◆ **Exercise description**
With the pictures omitted, repeat exactly the lines below starting with the line that has "China (cm) 160-165/84-86" and going on through the line that has "JCBカード提示で仁川空港か".

◆ **Material for this exercise**
= = = = = = =
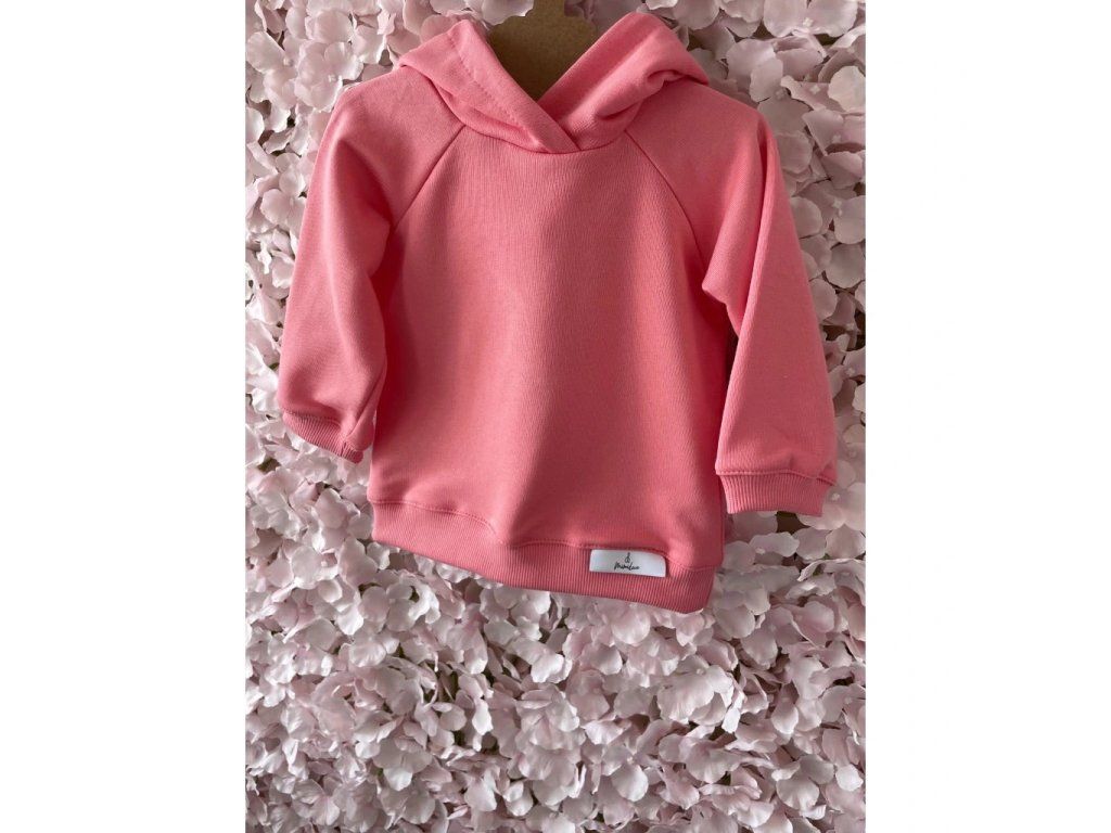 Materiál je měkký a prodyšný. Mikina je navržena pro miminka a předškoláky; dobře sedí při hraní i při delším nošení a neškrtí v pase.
= = = = = = =
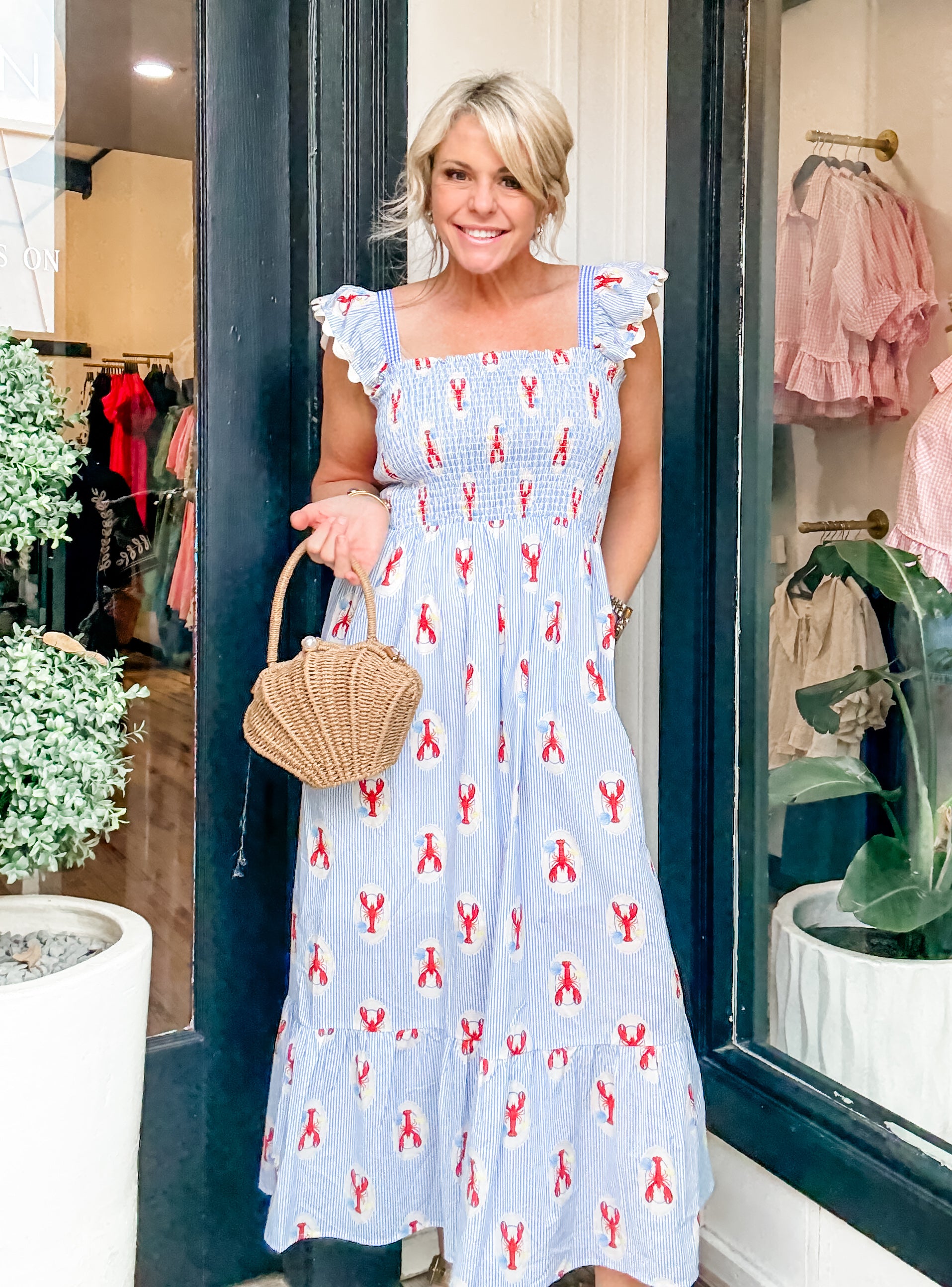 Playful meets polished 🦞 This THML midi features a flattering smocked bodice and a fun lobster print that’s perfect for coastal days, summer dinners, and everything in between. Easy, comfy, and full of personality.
= = = = = = =
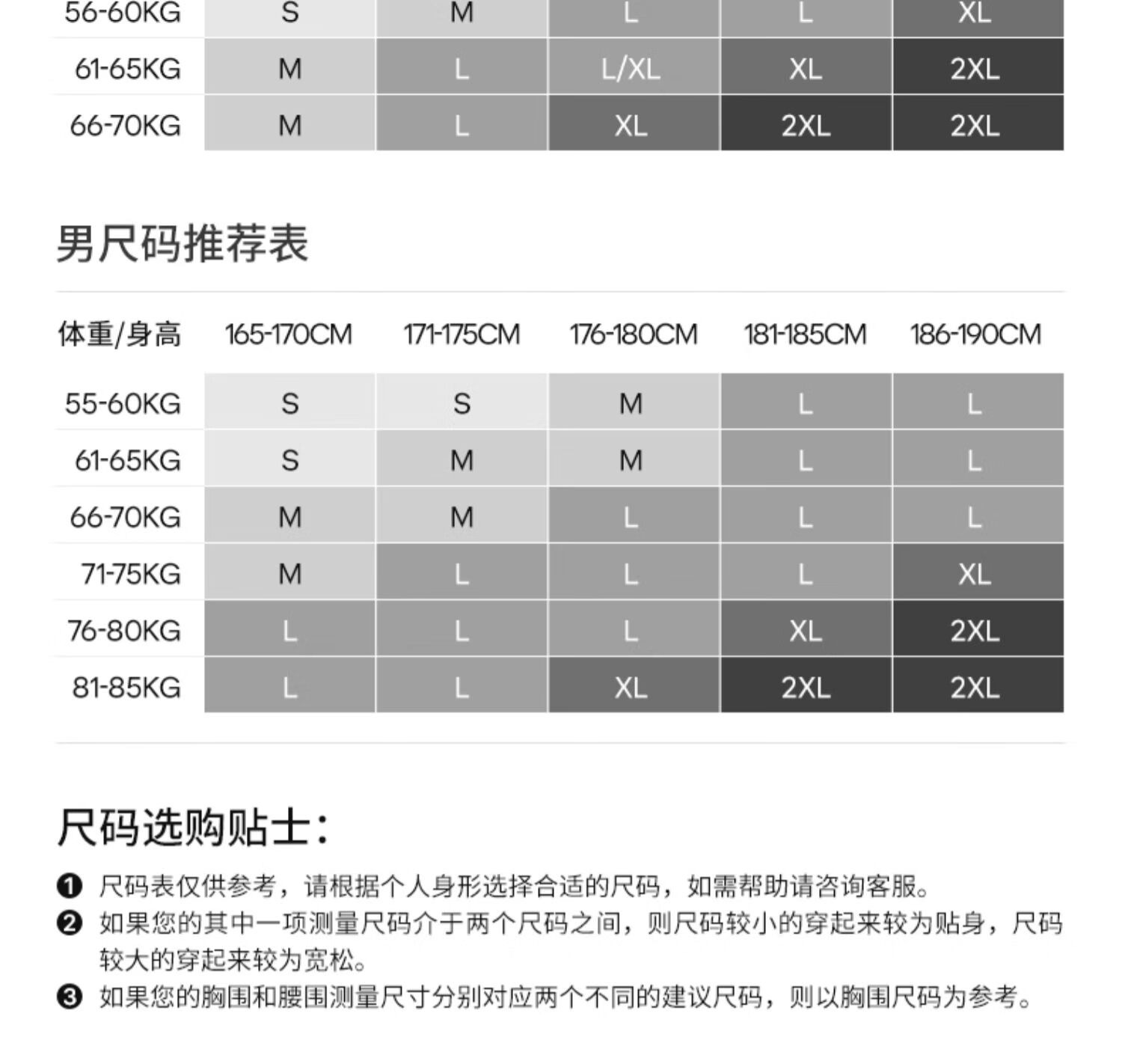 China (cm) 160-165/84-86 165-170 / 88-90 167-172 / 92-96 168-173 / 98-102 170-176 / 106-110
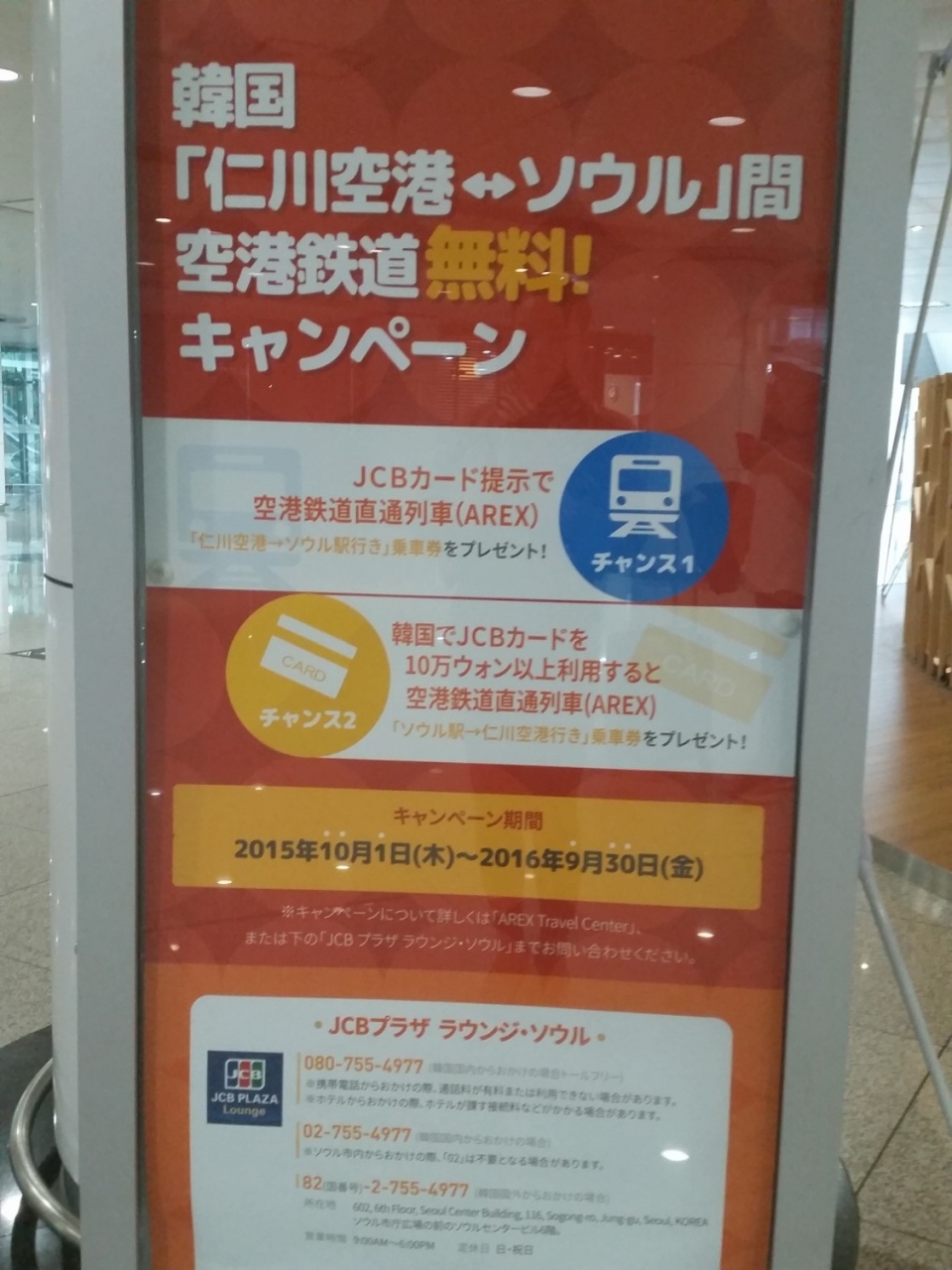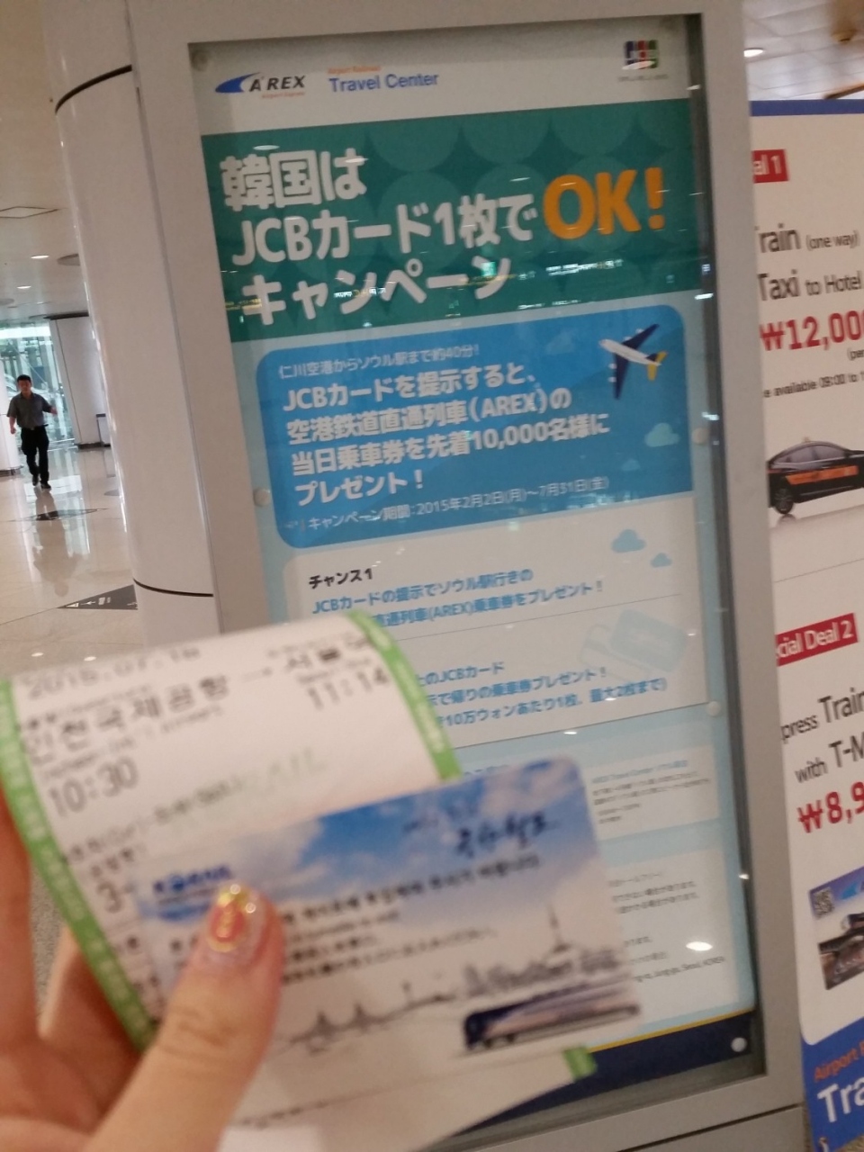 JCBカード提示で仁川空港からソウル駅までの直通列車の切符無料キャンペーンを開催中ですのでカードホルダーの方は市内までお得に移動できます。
= = = = = = =
◆ **Written solution**
 China (cm) 160-165/84-86 165-170 / 88-90 167-172 / 92-96 168-173 / 98-102 170-176 / 106-110
 JCBカード提示で仁川空港からソウル駅までの直通列車の切符無料キャンペーンを開催中ですのでカードホルダーの方は市内までお得に移動できます。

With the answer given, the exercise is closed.